**Given records**.
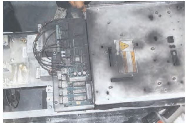
Photo 1, Fan Injecting Dust into Drive Enclosure

Most VFDs fall into the NEMA 1 category (side vents for cooling airflow) or NEMA 12 category (sealed, dust-tight enclosure). Drives that fall in the NEMA 1 category are susceptible to dust contamination. Dust on VFD hardware can cause a lack of airflow, resulting in diminished performance from heat sinks and circulating fans (Photo 1).
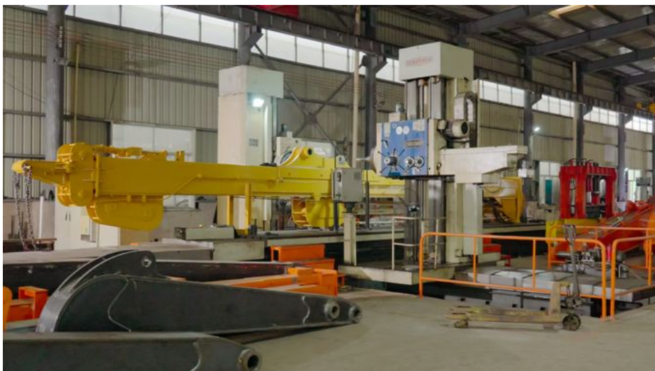
Bauma Exhibition 2024:
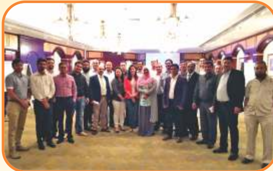
Participants & trainers at the workshop arranged at Hotel Ramada, Dubai

Awareness about internal customer, customer expectation, customer delight and understanding of organizational goals was discussed at the workshop which was held at Hotel Ramada.
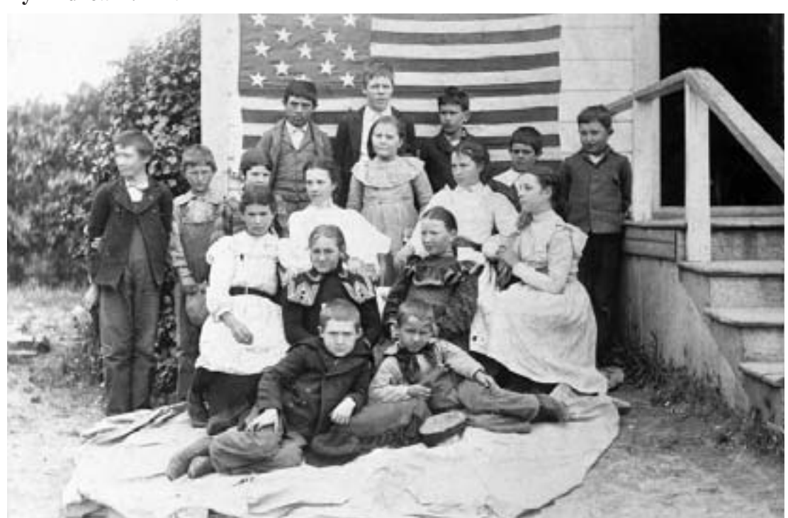
Orinda Park School, Group Portrait, 1900.
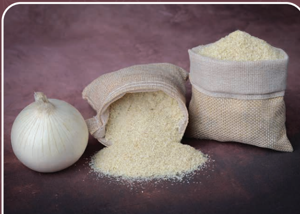
White Onion Granules 0.5-1 mm

**What the task asks**. Write down exactly the lines running from the line with "Participants & trainers" through the end of the material, both ends included, and none of the pictures.

**Written solution**.
Participants & trainers at the workshop arranged at Hotel Ramada, Dubai

Awareness about internal customer, customer expectation, customer delight and understanding of organizational goals was discussed at the workshop which was held at Hotel Ramada.
Orinda Park School, Group Portrait, 1900.
White Onion Granules 0.5-1 mm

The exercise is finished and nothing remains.